Мари вдруг с дрожью вспомнила, как она рыдала над телом матери. Одно из тех воспоминаний, которые ей хотелось загнать глубоко-глубоко и никогда не отпирать. Тогда ей думалось: «Господи! Возьми мою жизнь вместо ее! Пусть лучше у мамы родятся еще дети, мама такая хорошая, пусть лучше она живет!» Господь, естественно, не внял ее молитве…
Она живо представила страх и гнев мальчика, потерявшего единственного брата… единственного оставшегося члена семьи…
-Но вы не умерли? – спросила Мари. – Потеряли руку, но остались живы, да?

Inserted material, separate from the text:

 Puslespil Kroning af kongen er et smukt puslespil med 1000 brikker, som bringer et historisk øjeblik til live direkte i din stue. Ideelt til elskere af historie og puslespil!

-Да, - Эдвард кивнул. – Тогда… я даже огорчился. Мне хотелось умереть и уйти от всего этого. Я видел этого монстра в круге… видел доспехи, которые вдруг ожили и обратились ко мне голосом Ала… Думал, что смерть искупит вину. Знаете, мне кажется, некоторую вину искупить просто невозможно.
-Искупить – нельзя, - тихо сказала Мари. – А простить – можно. Ал ведь вас простил? Или я ошибаюсь? А вы его? Ведь вы вместе делали все это.

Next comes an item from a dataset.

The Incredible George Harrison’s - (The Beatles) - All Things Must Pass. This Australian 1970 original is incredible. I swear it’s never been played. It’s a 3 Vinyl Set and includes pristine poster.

-Ну, Ал простил, конечно. Он всегда был ко мне незаслуженно добр. А я его и не винил никогда. Его-то за что винить? Он просто, как всегда, не мог бросить меня одного, - Эдвард вздохнул. – Эгоистично, конечно, но я благодарен за это судьбе. Может, для него все обернулось бы и лучше, но я без него… просто с ума сошел бы, наверное. Впрочем, - Эдвард хмыкнул, - в этом плане все еще впереди.
-То есть, погодите… Ал несколько лет провел в виде ходячих доспехов? – Мари потерла лоб. «Мне кажется, что я покрываюсь ржавчиной и рассыпаюсь…»
-Пять лет. Потом нам удалось вернуть ему тело. Это тоже было не так просто… Именно поэтому Ал физически моложе меня на шесть лет… был моложе. Вообще-то у нас с ним разница в год. А в итоге всей этой истории последовали приключения, которые растянулись еще на два года. Мы же были вплотную запутаны с этим делом с Северной Войной.
«Мне тридцать три или двадцать восемь, это как считать».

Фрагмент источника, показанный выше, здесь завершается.